## Aim of the task
After locating the line that contains "Сели на автобус" in the records below, write out exactly that line and each line after it through the one that contains "This stunning wallpaper", and nothing else.

## Dataset records
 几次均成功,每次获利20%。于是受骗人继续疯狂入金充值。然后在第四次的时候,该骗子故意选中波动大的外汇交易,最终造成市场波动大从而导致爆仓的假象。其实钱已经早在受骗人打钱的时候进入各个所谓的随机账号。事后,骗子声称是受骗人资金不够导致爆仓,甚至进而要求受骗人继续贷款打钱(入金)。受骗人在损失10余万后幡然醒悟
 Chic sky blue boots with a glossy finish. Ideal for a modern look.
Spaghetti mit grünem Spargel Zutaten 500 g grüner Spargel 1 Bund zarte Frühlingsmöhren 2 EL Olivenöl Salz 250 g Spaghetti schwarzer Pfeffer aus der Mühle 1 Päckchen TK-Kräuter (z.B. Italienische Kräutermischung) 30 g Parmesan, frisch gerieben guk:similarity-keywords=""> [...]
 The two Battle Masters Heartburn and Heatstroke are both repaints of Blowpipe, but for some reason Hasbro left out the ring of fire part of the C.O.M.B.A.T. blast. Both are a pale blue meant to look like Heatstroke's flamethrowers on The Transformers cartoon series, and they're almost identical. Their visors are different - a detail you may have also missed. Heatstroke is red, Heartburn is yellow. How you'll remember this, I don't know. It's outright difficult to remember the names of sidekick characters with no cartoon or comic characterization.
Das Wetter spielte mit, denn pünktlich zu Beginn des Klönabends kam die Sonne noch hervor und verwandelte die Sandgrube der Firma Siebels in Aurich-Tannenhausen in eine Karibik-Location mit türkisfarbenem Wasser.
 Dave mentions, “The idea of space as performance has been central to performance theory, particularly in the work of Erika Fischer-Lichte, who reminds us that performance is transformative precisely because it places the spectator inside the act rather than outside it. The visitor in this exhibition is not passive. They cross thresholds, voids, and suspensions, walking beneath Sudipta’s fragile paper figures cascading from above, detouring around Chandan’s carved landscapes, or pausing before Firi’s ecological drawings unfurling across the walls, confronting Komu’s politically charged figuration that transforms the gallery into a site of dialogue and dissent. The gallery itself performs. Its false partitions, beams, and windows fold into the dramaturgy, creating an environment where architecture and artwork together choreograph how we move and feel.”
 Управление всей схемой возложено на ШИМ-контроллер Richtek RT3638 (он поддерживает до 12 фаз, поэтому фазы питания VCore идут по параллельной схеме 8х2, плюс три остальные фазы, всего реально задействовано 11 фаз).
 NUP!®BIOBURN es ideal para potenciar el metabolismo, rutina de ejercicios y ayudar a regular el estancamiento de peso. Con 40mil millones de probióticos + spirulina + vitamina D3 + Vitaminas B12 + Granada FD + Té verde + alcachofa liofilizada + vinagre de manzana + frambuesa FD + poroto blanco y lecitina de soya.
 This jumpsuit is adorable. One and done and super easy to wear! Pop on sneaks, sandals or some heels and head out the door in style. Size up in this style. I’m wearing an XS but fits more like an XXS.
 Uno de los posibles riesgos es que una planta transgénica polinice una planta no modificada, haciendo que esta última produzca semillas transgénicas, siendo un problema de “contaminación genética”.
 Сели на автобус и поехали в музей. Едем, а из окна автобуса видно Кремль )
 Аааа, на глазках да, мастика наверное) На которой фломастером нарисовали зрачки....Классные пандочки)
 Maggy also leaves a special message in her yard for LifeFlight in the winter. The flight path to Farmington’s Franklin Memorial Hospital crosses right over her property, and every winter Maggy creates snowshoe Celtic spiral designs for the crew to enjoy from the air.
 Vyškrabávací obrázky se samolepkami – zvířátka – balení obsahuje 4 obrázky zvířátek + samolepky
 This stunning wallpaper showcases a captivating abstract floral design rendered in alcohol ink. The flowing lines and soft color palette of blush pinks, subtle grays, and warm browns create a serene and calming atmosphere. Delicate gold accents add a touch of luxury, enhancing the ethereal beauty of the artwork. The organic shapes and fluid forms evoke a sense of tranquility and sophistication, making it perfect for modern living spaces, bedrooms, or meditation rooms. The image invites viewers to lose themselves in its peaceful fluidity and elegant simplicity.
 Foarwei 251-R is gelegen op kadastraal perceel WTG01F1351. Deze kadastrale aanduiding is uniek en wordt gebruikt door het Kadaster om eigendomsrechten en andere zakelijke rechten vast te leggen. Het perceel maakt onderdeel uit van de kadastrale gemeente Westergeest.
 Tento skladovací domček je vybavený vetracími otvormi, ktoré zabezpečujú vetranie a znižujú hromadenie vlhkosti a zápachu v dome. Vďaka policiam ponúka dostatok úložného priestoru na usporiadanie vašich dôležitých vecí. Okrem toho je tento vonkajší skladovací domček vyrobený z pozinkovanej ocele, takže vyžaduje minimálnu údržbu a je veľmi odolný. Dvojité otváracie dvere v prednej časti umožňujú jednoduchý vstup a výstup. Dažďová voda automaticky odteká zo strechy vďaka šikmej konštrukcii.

## Answer
 Сели на автобус и поехали в музей. Едем, а из окна автобуса видно Кремль )
 Аааа, на глазках да, мастика наверное) На которой фломастером нарисовали зрачки....Классные пандочки)
 Maggy also leaves a special message in her yard for LifeFlight in the winter. The flight path to Farmington’s Franklin Memorial Hospital crosses right over her property, and every winter Maggy creates snowshoe Celtic spiral designs for the crew to enjoy from the air.
 Vyškrabávací obrázky se samolepkami – zvířátka – balení obsahuje 4 obrázky zvířátek + samolepky
 This stunning wallpaper showcases a captivating abstract floral design rendered in alcohol ink. The flowing lines and soft color palette of blush pinks, subtle grays, and warm browns create a serene and calming atmosphere. Delicate gold accents add a touch of luxury, enhancing the ethereal beauty of the artwork. The organic shapes and fluid forms evoke a sense of tranquility and sophistication, making it perfect for modern living spaces, bedrooms, or meditation rooms. The image invites viewers to lose themselves in its peaceful fluidity and elegant simplicity.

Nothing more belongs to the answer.